*** Begin section ***

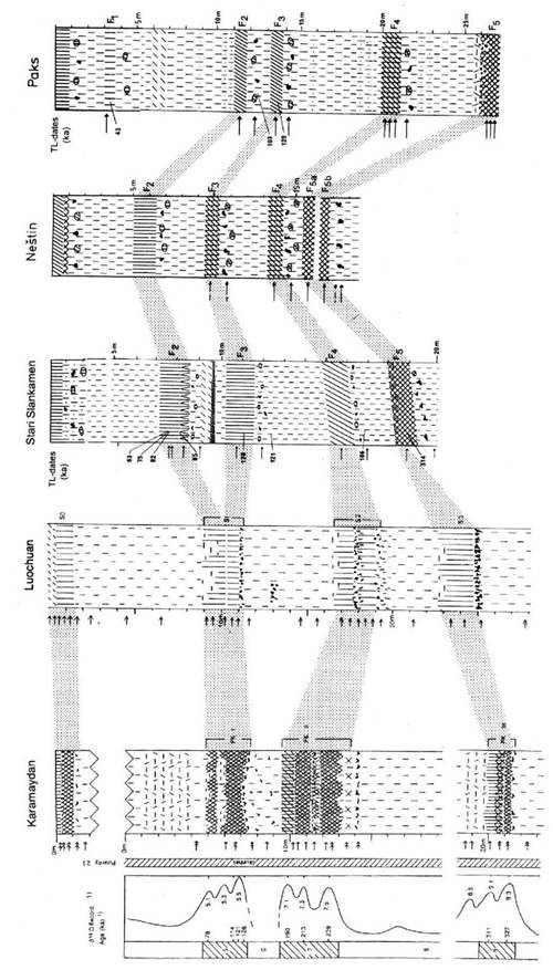 The second control point is the F3 paleosol in the LPS of the Carpatian Basin (figure 2 in Bronger, 2003a, with luminescence dates of A.K. Singhvi) which represents the Riss/Würm interglacial or stage 5.5 in the oxygen isotope record, according to thermoluminescence dates (Wintle and Packman, 1988; Singhvi et al., 1989; Frechenet al., 1997).
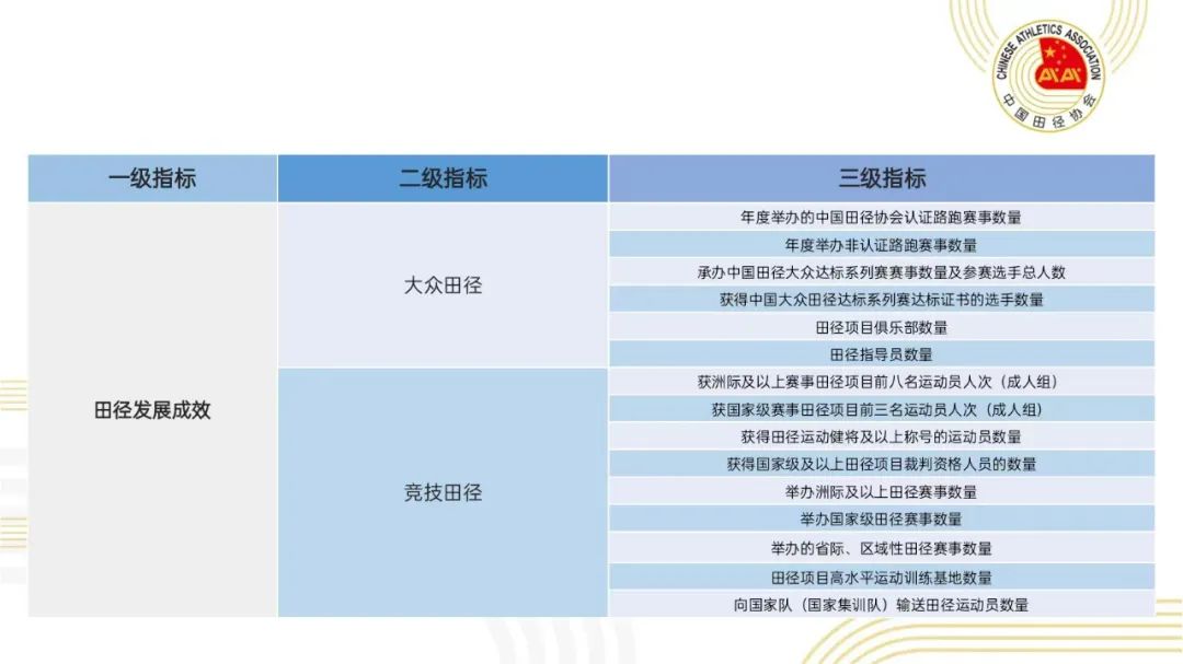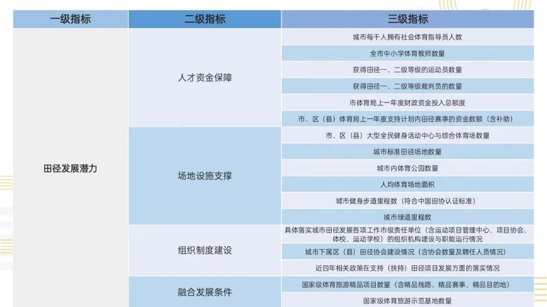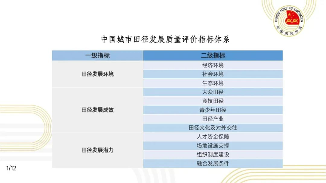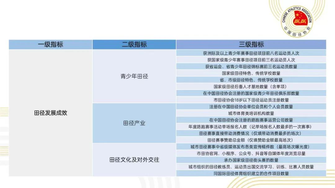 据悉,为更加客观、全面地掌握当前我国各城市田径发展现状,更加科学、精准地评估各城市田径发展的环境、成效与潜力,去年9月,中国田径协会联合国家体育总局体育科学研究所中国体育经济研究中心,聚焦城市田径高质量发展的关键点,开展了《中国城市田径发展质量评价指标体系》的研究工作。
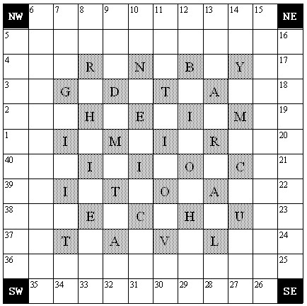 away from the appropriate corner (the SE square for clues 1-10, and so on).
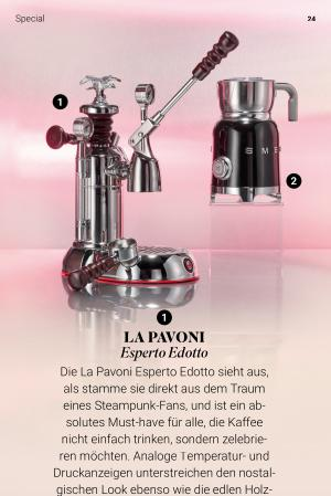 Die La Pavoni Esperto Edotto sieht aus, als stamme sie direkt aus dem Traum eines Steampunk-Fans, und ist ein absolutes Must-have für alle, die Kaffee nicht einfach trinken, sondern zelebrieren möchten. Analoge Temperatur- und Druckanzeigen unterstreichen den nostalgischen Look ebenso wie die edlen Holzgriffe. Das i-Tüpfelchen ist ein goldfarbener Vogel auf der Oberseite, der genauso stilvoll ist wie die Kühlerfigur auf einem Rolls-Royce. 1.400 Euro, weitere Infos �
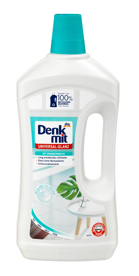 Nabłyszczający płyn do podłóg marki Denkmit zapewnia długotrwały połysk bez konieczności dodatkowego polerowania oraz sprawia, że podłoga jest odporna na ślady po butach i brud. Formuła produktu z woskiem pomarańczowym gwarantuje delikatne czyszczenie i skuteczne czyszczenie podłóg.
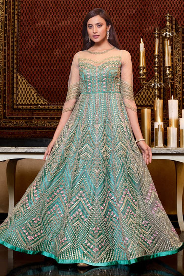 Sea Green Color Net Fabric Tempting Function Wear Anarkali Suit
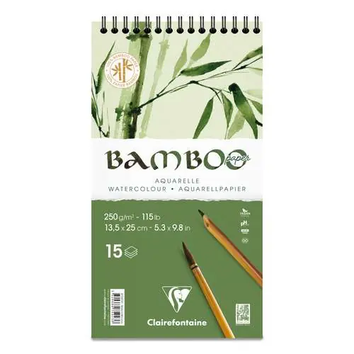 Soldes Papier aquarelle BAMBOO Clairefontaine, 13,5 cm x 25 cm, 15 feuilles, 250 g/m², Bloc à spirale Bloc à spirale | 66706
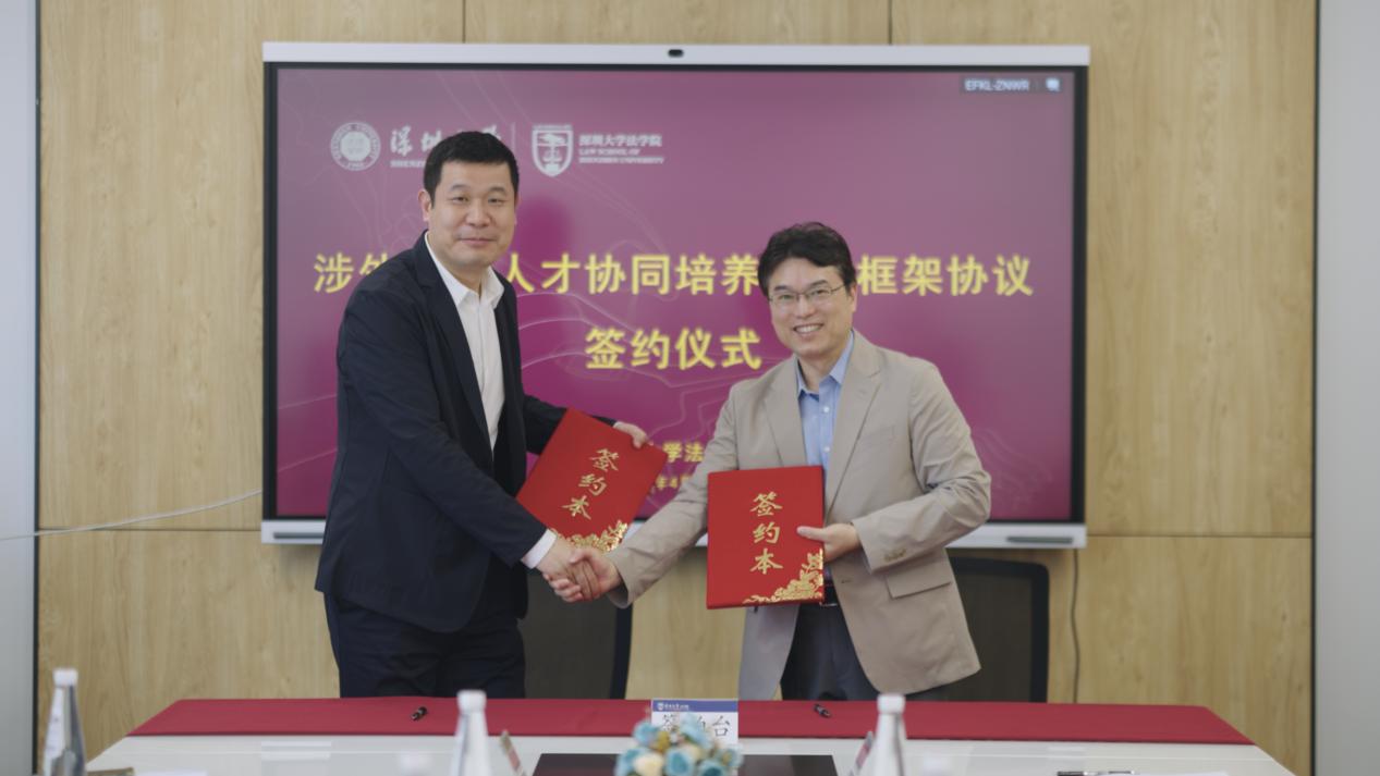 发言环节结束后,王显军、熊伟分别代表福田区司法局、深圳大学法学院签署涉外法治人才协同培养合作框架协议。

*** End section ***

Task goal: Whenever a picture appears in the listing, leave it out; copy everything else exactly.

Solution for this exercise:
 The second control point is the F3 paleosol in the LPS of the Carpatian Basin (figure 2 in Bronger, 2003a, with luminescence dates of A.K. Singhvi) which represents the Riss/Würm interglacial or stage 5.5 in the oxygen isotope record, according to thermoluminescence dates (Wintle and Packman, 1988; Singhvi et al., 1989; Frechenet al., 1997).
 据悉,为更加客观、全面地掌握当前我国各城市田径发展现状,更加科学、精准地评估各城市田径发展的环境、成效与潜力,去年9月,中国田径协会联合国家体育总局体育科学研究所中国体育经济研究中心,聚焦城市田径高质量发展的关键点,开展了《中国城市田径发展质量评价指标体系》的研究工作。
 away from the appropriate corner (the SE square for clues 1-10, and so on).
 Die La Pavoni Esperto Edotto sieht aus, als stamme sie direkt aus dem Traum eines Steampunk-Fans, und ist ein absolutes Must-have für alle, die Kaffee nicht einfach trinken, sondern zelebrieren möchten. Analoge Temperatur- und Druckanzeigen unterstreichen den nostalgischen Look ebenso wie die edlen Holzgriffe. Das i-Tüpfelchen ist ein goldfarbener Vogel auf der Oberseite, der genauso stilvoll ist wie die Kühlerfigur auf einem Rolls-Royce. 1.400 Euro, weitere Infos �
 Nabłyszczający płyn do podłóg marki Denkmit zapewnia długotrwały połysk bez konieczności dodatkowego polerowania oraz sprawia, że podłoga jest odporna na ślady po butach i brud. Formuła produktu z woskiem pomarańczowym gwarantuje delikatne czyszczenie i skuteczne czyszczenie podłóg.
 Sea Green Color Net Fabric Tempting Function Wear Anarkali Suit
 Soldes Papier aquarelle BAMBOO Clairefontaine, 13,5 cm x 25 cm, 15 feuilles, 250 g/m², Bloc à spirale Bloc à spirale | 66706
 发言环节结束后,王显军、熊伟分别代表福田区司法局、深圳大学法学院签署涉外法治人才协同培养合作框架协议。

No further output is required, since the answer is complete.